Goals: In this assignment, you will explore the types of loss and decoder functions for regressing to voxels, point clouds, and mesh representation from single view RGB input.
This repo just serve as a template, feel free to adjust most of the code if needed.
├── configs # Where Hydra reads your configurations.
│ └── config.yml
├── data
│ ├── chair_img_pc_voxel_mesh
│ └── chair_img_pc_voxel_mesh.zip
├── notebooks # Where your .ipynb files placed.
│ ├── scene.py
│ └── synth.ipynb # Synthesize datas from ShapeNet mesh.
├── src # Where your modules placed.
│ ├── dataset.py # Define your custom PyTorch dataset.
│ ├── losses.py # Define your custom loss functions.
│ └── model.py # Define your model structure.
├── README.md
├── requirements.yml # Create your conda env with this file.
├── eval.py # Evaluate your model.
└── train.py # Train your model.
Click the green Use this template
button to fork this repo to your github and change it to private repo.

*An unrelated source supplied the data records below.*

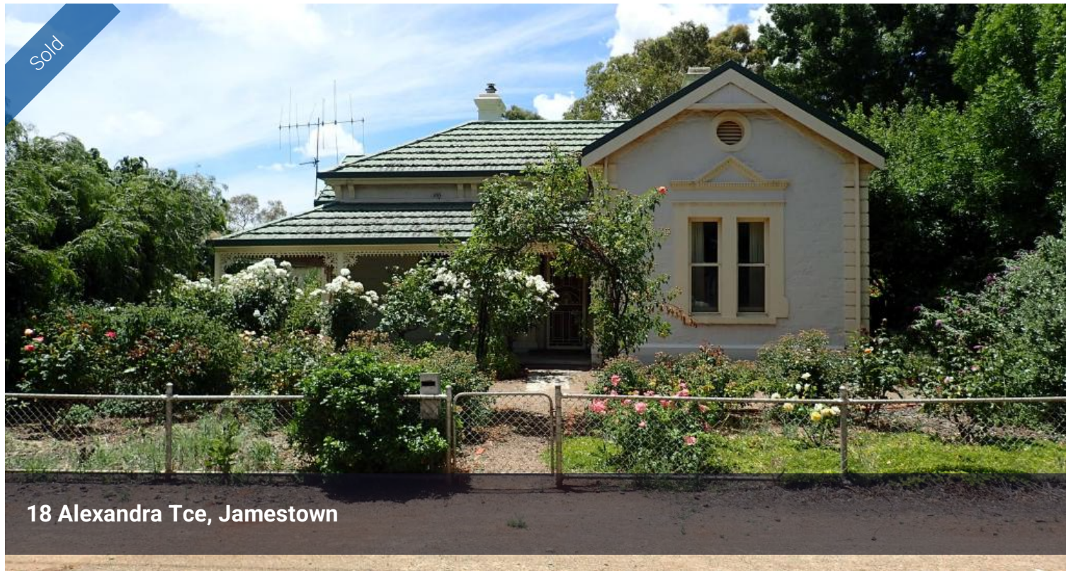
18 Alexandra Tce, Jamestown
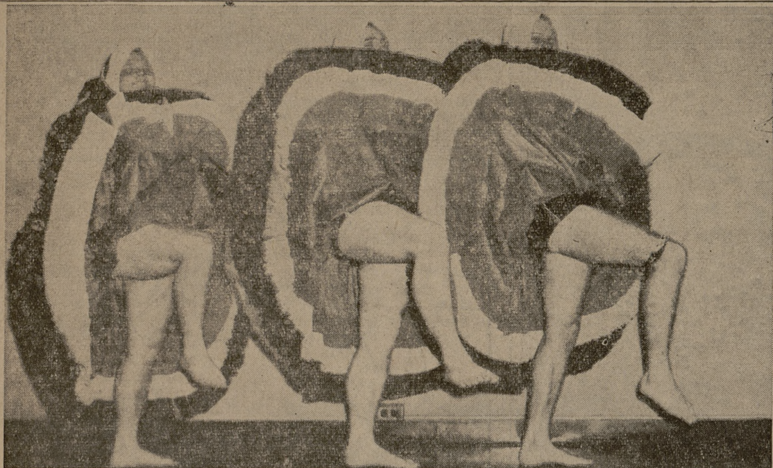
AGGIE BEAUTIES—Three members of the Aggie Can-Can line practice before tonight's Aggie Talent show. The free show will be at 7:45 p. m. in the MSC ballroom.
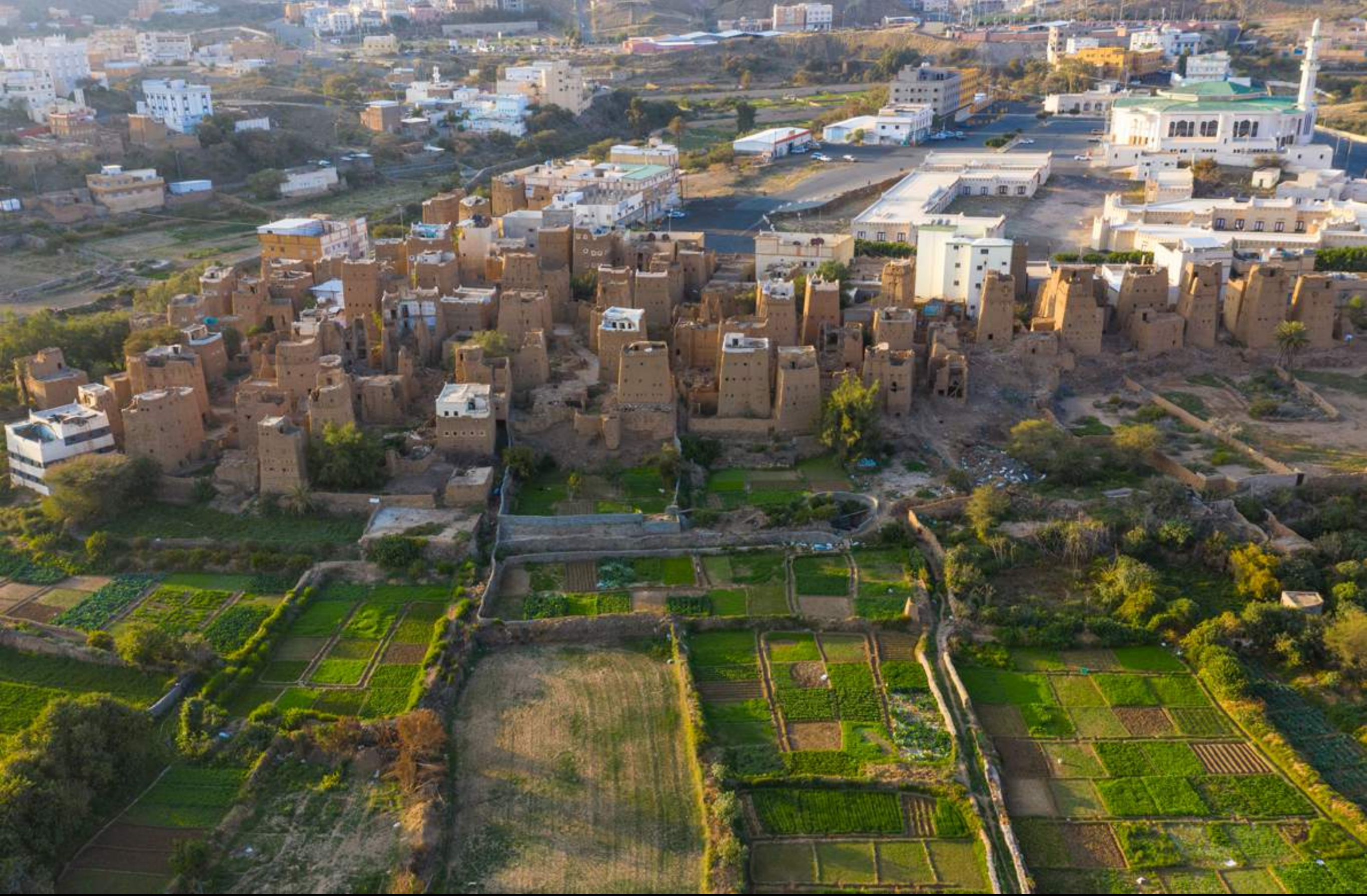
View of an old village with traditional mud houses and gardens on the outskirts of the southern city of Dhahran Al Janub. The architecture bears a similarity to the famous Yemeni city of Shibam, which is called the Manhattan of the Desert. Yemen is only 10 kilometers away. Dhahran Al Janub is not located in the desert but it also deserves such a nickname. The gardens remain well-kept and were used to offer a means of escape in case of tribal raids and defeat.

Or git clone git@github.com:nctu-eva-lab/3DV-2022.git
to only have a local copy.
Create a conda env:
conda env create --file requirements.yml
Download dataset from here
Or use gdown1 to download the google drive files with command line in your conda env you just created.
conda activate py3d
gdown 1UsyZT0n4KCCfr7EB-jJFoSZyJgaeVGcc
After downloaded, put the zip file under data/
and unzip it.
This section will involve defining a loss function, for fitting voxels, point clouds and meshes.
In this subsection, we will define binary cross entropy loss that can help us fit a 3D binary voxel grid. Define the loss functions in src/losses.py
file. For this you can use the pre-defined losses in pytorch library.
In this subsection, we will define chamfer loss that can help us fit a 3D point cloud. Define the loss functions here in src/losses.py
file. We encourage you to write your own code for this and not use any pytorch3d2 utilities, but you can still use it if you have no idea how to do it.
This section will involve training a single view to 3D pipeline for voxels, point clouds and meshes.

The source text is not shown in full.